Population Characteristics

The study population consisted of 251 incident PD patients (Figure 1). Of these, 135 were included between 1994 and 2004 and treated with CON. From 2004, 116 incident patients were included and treated with BIO. Table 1 summarizes their demographic and baseline characteristics. Only the contribution of APD was higher in BIO, which is in accordance with a general trend. Median follow-up time was 2.3 years in CON and 2.2 years in BIO. The main reasons for censoring in both groups were death or an available renal transplant.

Figure 1

Flowchart representing patient selection. ∗Reasons for exclusion include missing baseline standardized potential permeability analysis (SPA), follow-up SPA, or data on peritonitis. CON, treated with conventional solutions; BIO, treated with more biocompatible solutions; P+, with peritonitis during follow-up; P−, without peritonitis during follow-up.

Table 1

Baseline characteristics

Characteristics	CON	BIO
N of patients	135	116
N of SPA’s, median (IQR)	3 (1–4)	3 (1–6)
3 or more SPA’s, %	67	64
Male, %	56	53
Age, yr, mean (SD)	55 (16)	53 (15)
Davies comorbidity score, %
Low	21	29
Intermediate	61	59
High	18	12
Primary kidney disease, %
Renovascular	26	27
Diabetic nephropathy	28	26
Glomerulonephritis	16	12
Other	30	35
PD modality, % CAPD	85	45
Peritonitis incidence, episodes/yr	1.1	0.9
Follow-up duration, yr, median (IQR)	2.3 (1.3–3.4)	2.2 (0.4–5.7)
Patients with SPA data at 2 yrs, n (%)	124 (90)	101 (87)
Patients with SPA data at 3 yrs, n (%)	90 (67)	74 (64)
Patients with SPA data at 4 yrs, n (%)	60 (44)	44 (38)
Patients with SPA data at 5 yrs, n (%)	25 (19)	25 (22)

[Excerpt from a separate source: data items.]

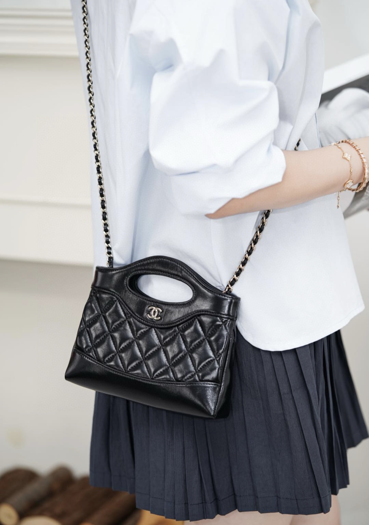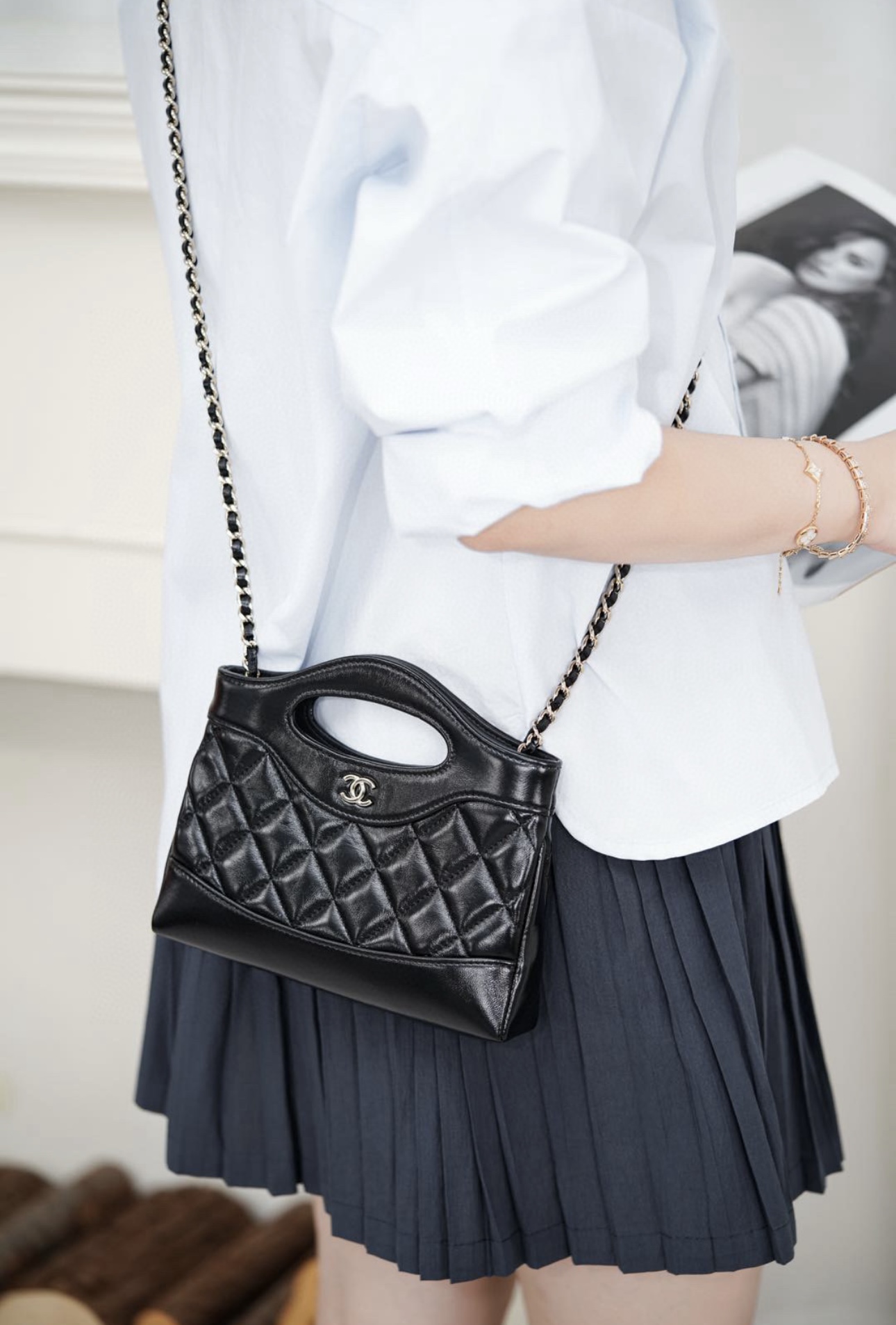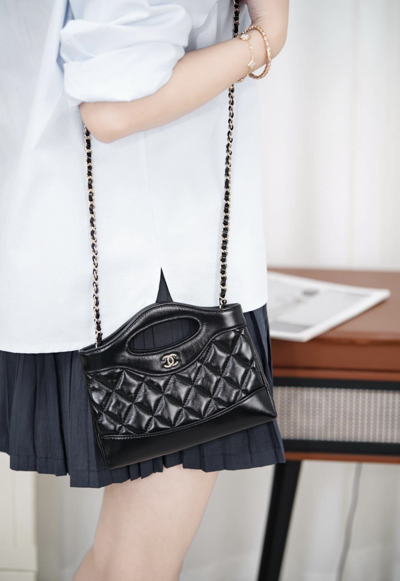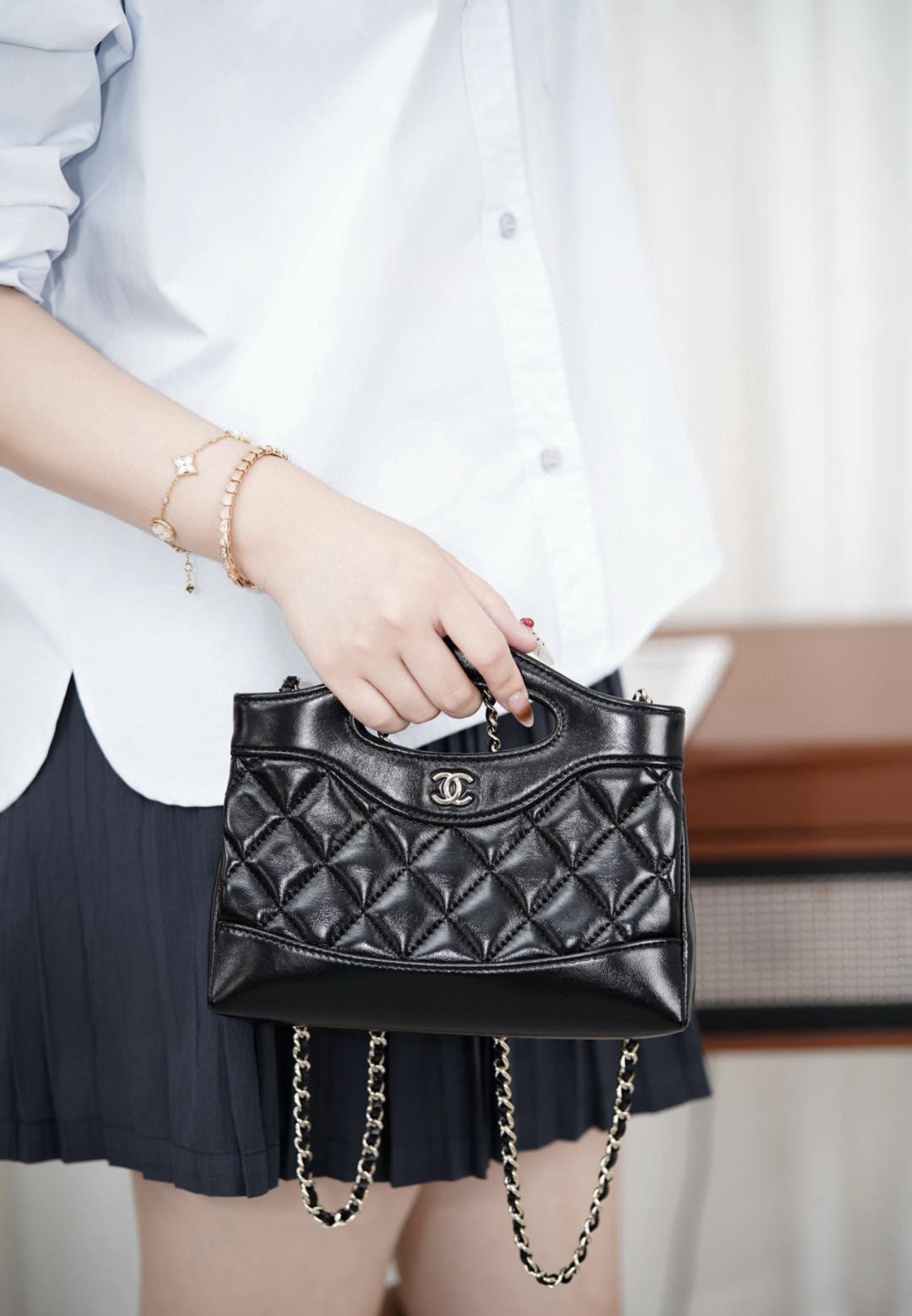 CHANEL⾹奈⼉ 31Bag 24S⾦扣 ⼿提单肩斜挎包 超迷你 ⿊⾊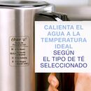 CUATRO TEMPERATURAS PREDEFINIDAS Panel de control fácil de usar con ajustes de temperatura predefinidas ideales para tés verdes, blancos, negros, oolong y mate. YA NO NECESITAS CALENTAR EL AGUA UNA Y OTRA VEZ La función “mantener caliente” de tu hervidor eléctrico ayuda a mantener el agua a la tempe...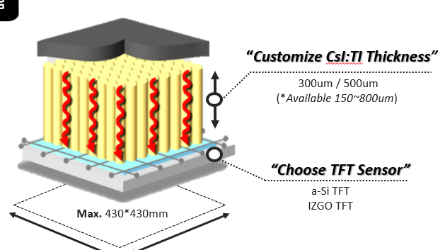 | Process | CsI directly deposited on TFT | CsI on substrate → bonded to TFT | Gadox sheet laminated | Special Processing Technology |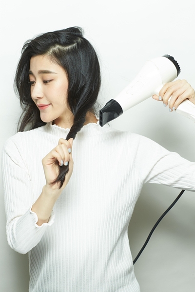 3使用吹風機的熱風,將頭髮用手指捲起來,並且一邊往前捲、一邊吹乾頭髮。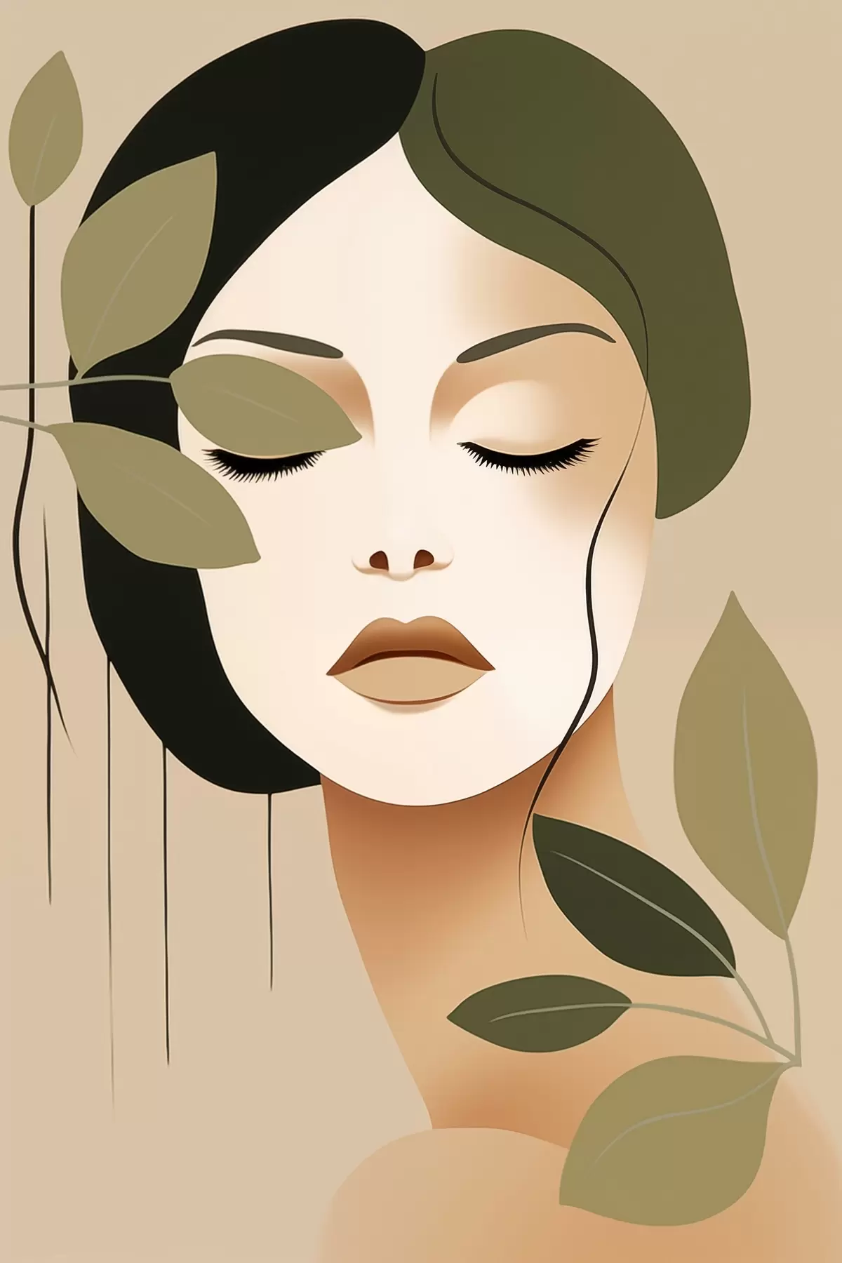 Poster Mädchen mit Blättern Nr f45390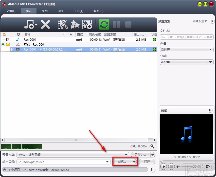 7.在界面底部还能找到一个“浏览”按钮,我们点击该按钮即可打开浏览文件夹窗口设置音频的输出格式。
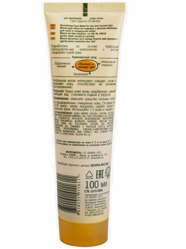 Маска для лица питательная Облепиха Липовый цвет Белита 100 мл Белита СП ООО (578415)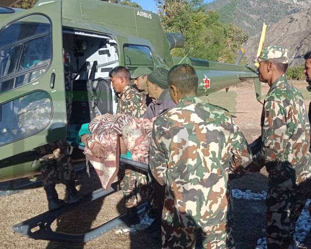 सेनाको हेलिकोप्टर मार्फत सुत्केरीको उद्धार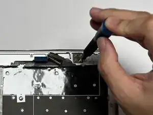 Схватите и поднимите эту наклейку вверх; это кабель тачпада.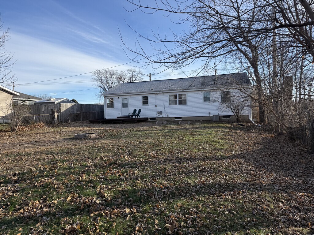 This fully furnished single-story home (with a basement) is designed to make short or mid-term stays comfortable and stress-free. With over 1,500 square feet of space, it's got plenty of room to spread out. The living room features a smart TV with Roku, a comfortable sofa, and extra seating, perfect for unwinding after a long shift. The kitchen is fully stocked with major appliances, cooking tools, utensils, and an island for prep space. There's also a dining table for four, so you're set whether you're eating in or working from your laptop. Each of the three bedrooms has its own closet and functional furniture. The main bedroom features a queen bed, blackout curtains, a dresser, and a desk, providing a workspace for anyone who needs it. The other two bedrooms each have a twin bed, and one has a dresser, great for extra guests or coworkers traveling together. The main bathroom has a shower/tub combo and a single vanity, while the half bath in the basement adds convenience. Downstairs, you'll also find a washer and dryer, along with a treadmill for those who want to get in a quick workout without leaving home. Hardwood and linoleum floors throughout ensure a clean and low-maintenance environment. Out back, there's a large fenced yard with a fire pit and a couple of chairs, making it a nice setup for relaxing in the evenings. The home features central air conditioning and heating, fast Wi-Fi, and all utilities are included. There's also a one-car garage and a driveway, so parking's not a problem. A small pet is welcome. Whether you're in town for a short contract, an extended assignment, or just need a comfortable place to land for a while, this place is set up to make life easy, clean, quiet, and move-in ready.

BIO, treated with more biocompatible solutions; CAPD, continuous ambulatory peritoneal dialysis; CON, treated with conventional solutions; IQR, interquartile range; PD, peritoneal dialysis; SPA, standardized peritoneal permeability analysis.

Peritoneal Function at the Initial SPA

Table 2 summarizes the results at baseline. At PD initiation, BIO patients had a significantly faster transport of small solutes and a lower level of net UF at 4 hours compared to CON patients.

Table 2

Baseline transport characteristics

Characteristics	CON	BIO	P
Time from start of PD to baseline SPA, months	4 (3-6)	4 (3-7)
MTAC creatinine, ml/min	10.1 (3.6)	11.8 (4.1)	0.001
Glucose absorption, %	63 (11)	67 (11)	0.006
Net UF, ml	620 (416-773)	490 (270-699)	0.005
Transcapillary UF, ml	460 (358-578)	466 (364-658)	0.274
SPFT, ml	310 (239-392)	320 (247-493)	0.204
FWT, ml	146 (61)	141 (79)	0.643
Delta D/P sodium	0.07 (0.03)	0.07 (0.04)	0.512

Results are expressed as a mean with SD or median with interquartile range. BIO, treated with more biocompatible solutions; CON, treated with conventional solutions; D/P, dialysate/plasma; FWT, free water transport at 60 minutes; MTAC, mass transfer area coefficient; Net UF, net ultrafiltration at 4 hours; PD, peritoneal dialysis; SPA, standardized peritoneal permeability analysis; SPFT, small pore fluid transport; TCUF, transcapillary ultrafiltration at 60 minutes.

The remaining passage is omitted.